Instead of GFF3 files and seq_gene.md files, RACKJ uses a very simple data format for storing genome annotations, namely, where is the range of one gene and where are its exons. RACKJ includes two modlues that translate GFF3 files and seq_gene.md files into this very simple data format, respectively. In this section, we show the GFF3 case for Arabidopsis thaliana. For the case of seq_gene.md files, please refer the SeqGeneMd program or download prebuild files.
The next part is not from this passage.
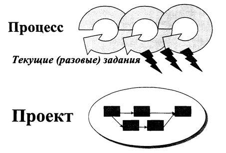 Анализируя работу любой организации, практически всегда можно выделить два основных вида деятельности, которые существуют параллельно: текущие, повторяющиеся процессы (операции) и проекты. Любая деятельность требует ресурсов, выполняется людьми и соответственно требует планирования и контроля. Основными отличиями этих двух видов деятельности является то, что процессы носят повторяющийся, циклический характер, а проекты направлены на достижение уникальных целей в определенные сроки.

Because a GFF3 file downloaded anywhere would contain any kind of values like "transposable_element_gene" analog to "gene" and and any kind of values like "ncRNA" analog to "mRNA" in the "type" field (column 3), we do not expect to have a fully-automatic program that correctly processes all kinds of GFF3 files. Instead of a fully-automatic solution, we give a semi-automatic solution. The first thing we have to do is to "observe" the contents of the GFF3 file we have.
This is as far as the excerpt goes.